There are many incredible options now for non-invasive procedures for the assistance of healing and scar reduction. I had a wonky cheekbone repaired and some foundation work to help stop my face from dropping after severe stretching in my skull tissue. As a kid, the scar tissue on the inside of my new lid rubbed on my eye, often causing infections. So that person is not just dealing with a world who thinks beauty is symmetry, but they are often dealing with physical discomfort. Scar thickness, nerve damage and infection are only some aspects.
This was just an eyelid. There are much larger scars out there. Fact; scars can cause big physical issues; it ain’t all about the pretty.
I would have jumped rainbows not to have those experiences as a child.
Traumas have the potential to form us positively. But I would be telling you porky pies if I said the psychological impact was positive.
I am not alone. Acne scarring, burns and growth of scar tissue can create an array of problems. The Australian Journal of General Practice reports that scarring can have a negative impact on adolescent wellbeing leading to social isolation, a decrease in self-esteem and an increase in anger, and are significantly correlated with suicidal ideation.
For kids and teens to have options available now is so positive and essential. One very cool breakthrough in the last decade was by NASA. They developed LED technology to help improve healing in space and for long-term human spaceflight.
LED therapy is a multi-use therapy and can help heal surgical wounds post-op. Scars can get infected, become itchy, cause extreme skin conditions and problems of all kinds. Massage therapy is another, along with the brilliant progression of burn healing medicine.
Identity of self is tricky business.
We must do all we can to foster a sense of acceptance for children, and at the same time continue to develop technology and help make it accessible to everyone to help scar reduction for ease of pain and suffering.
I no longer allow the identity association of others to rule me; enjoying “inside me” to shine brightly; as unencumbered as possible.
With each grey hair, I have discovered I am not my body, not my face, not my eyelid, not my scars, not my lumps and bumps, not my even my humour or ability to moonwalk. (I can) This vehicle is the wonderful shell in which I reside, and it works for me. There’s a whole lot more going on behind that driver’s seat.

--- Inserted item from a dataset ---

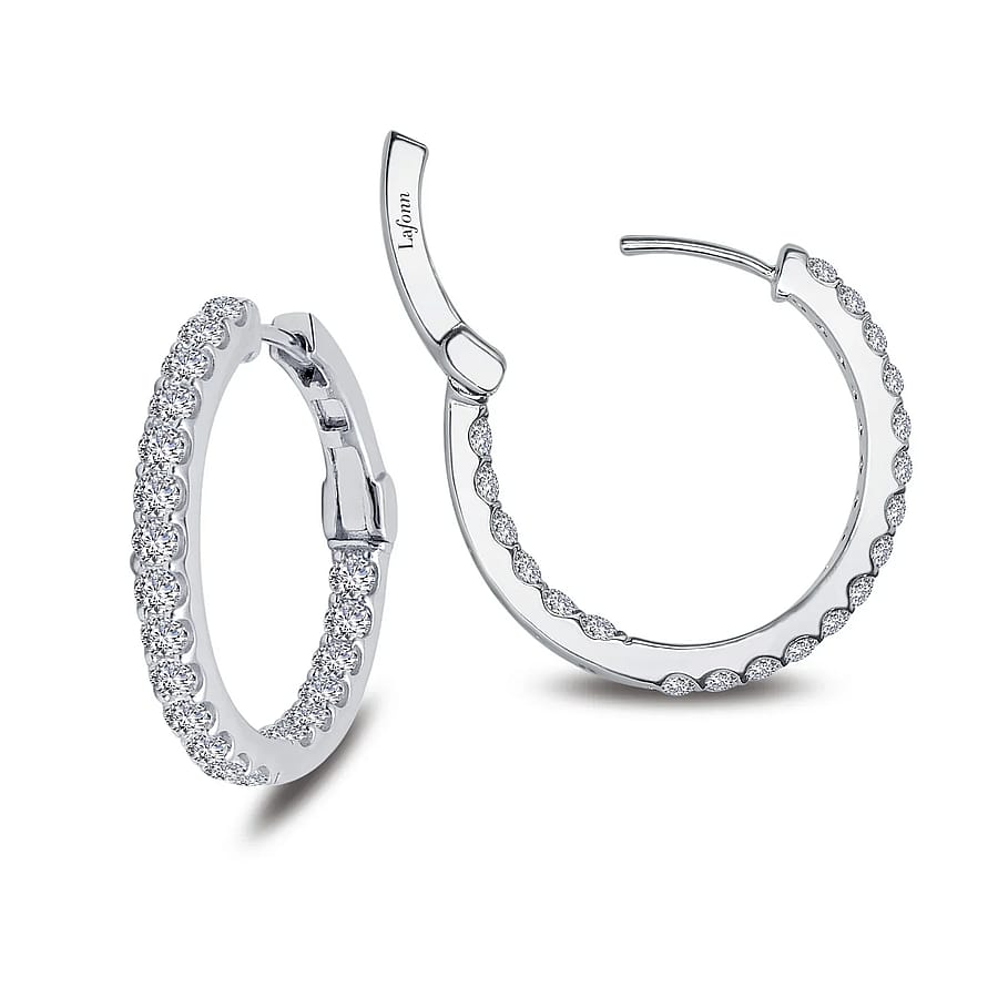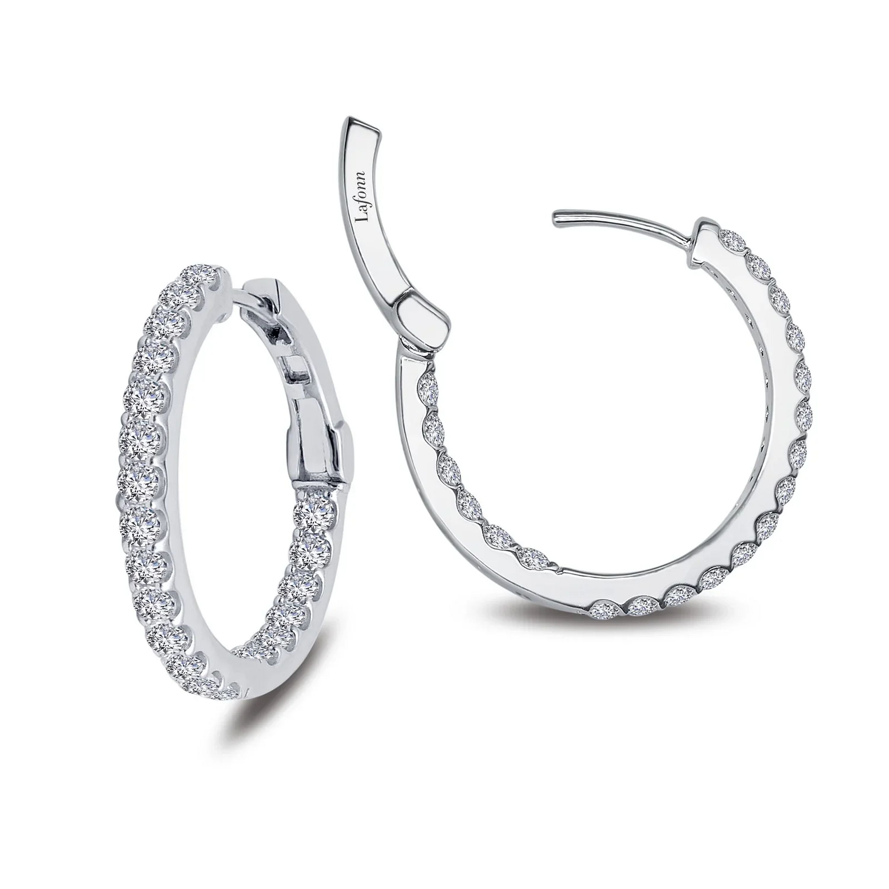 Fun and elegant. These inside out hoop earrings are set with Lafonn's signature Lassaire simulated diamonds in sterling silver bonded with platinum. 25 mm diameter CTW: 2.16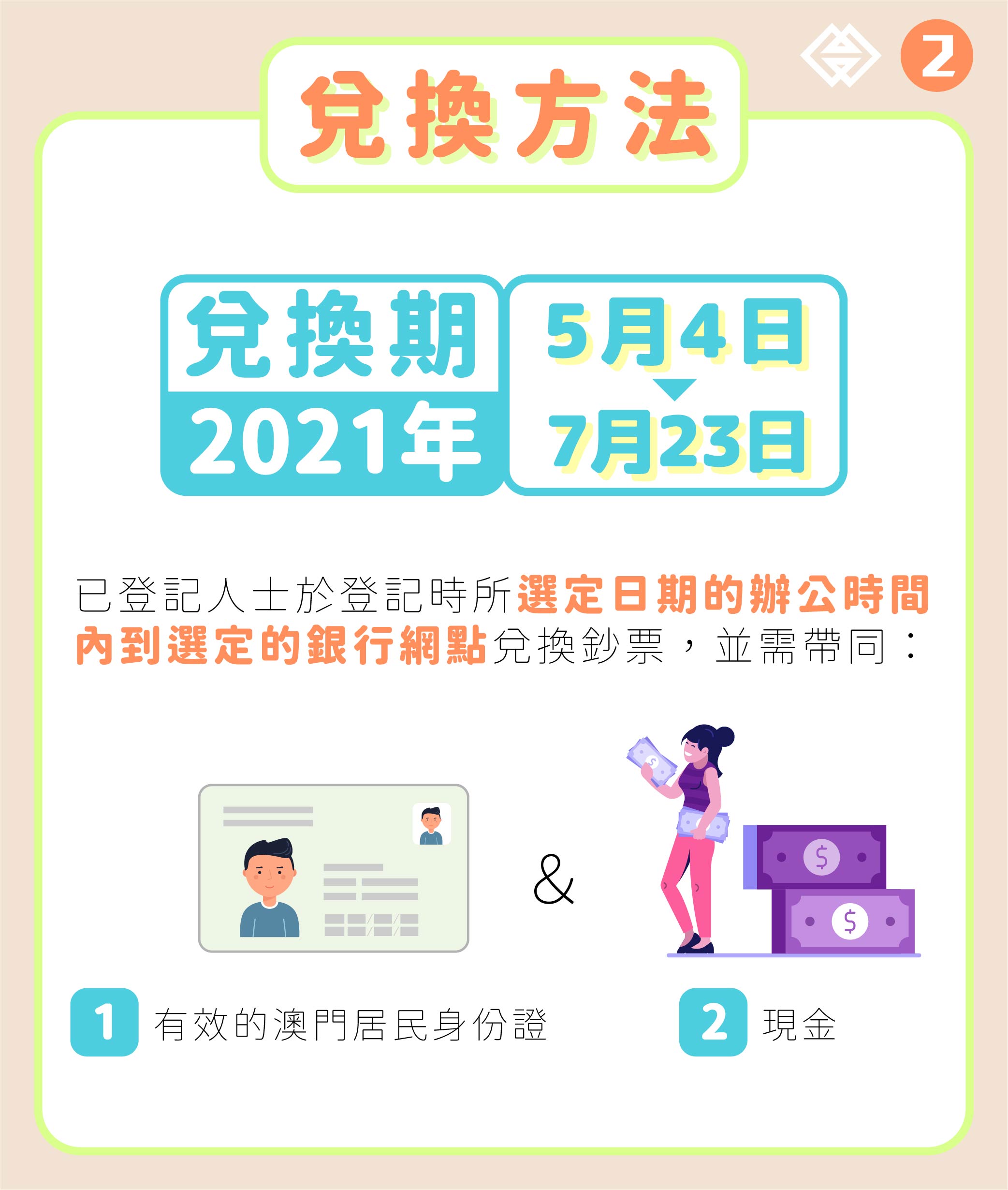 上述鈔票的兌換期由2021年5月4日(星期二)起至2021年7月23日(星期五)止。已登記人士須在登記時所選定日期的辦公時間內,帶同有效澳門居民身份證到選定的銀行網點進行兌換;也可委託代表人於選定的日期及地點進行代領兌換,代表人須帶同本人的身份證明文件正本及提交下列文件:

I enjoy getting dressed up (maybe too much? lol), like makeup and love feeling good, but this comes from a place of fun and impermanence. They no longer stem from a “self” belief based on fear or worry. Do you know how much joy can come through without the worry of appearance?
Some boundaries remain; photos continue to bring me extreme discomfort; I only take them for my family and the odd one or two for Ponderings when I have to. Selfies are occasional; with sunglasses on, and I don’t look at them again. I am a work in progress.
To this day if I don’t wear makeup, I always get comments from new people or strangers.
A fascinating insight into human behaviour is the response to appearances. Those not fixated on finding faults in others never notice, and those who have known me a long time don’t see it either. But there is a shift; I don’t get embarrassed or ashamed, and I don’t feel less than.
While you can “own your scars”, until we live in an emotionally intelligent Utopia, scars can and do profoundly impact the psyche of a growing child.
My scars are the footprints of my experiences here. They adorn my body with a story of restoration and survival. But I do look forward to living in a place where the world reflects this belief to the child.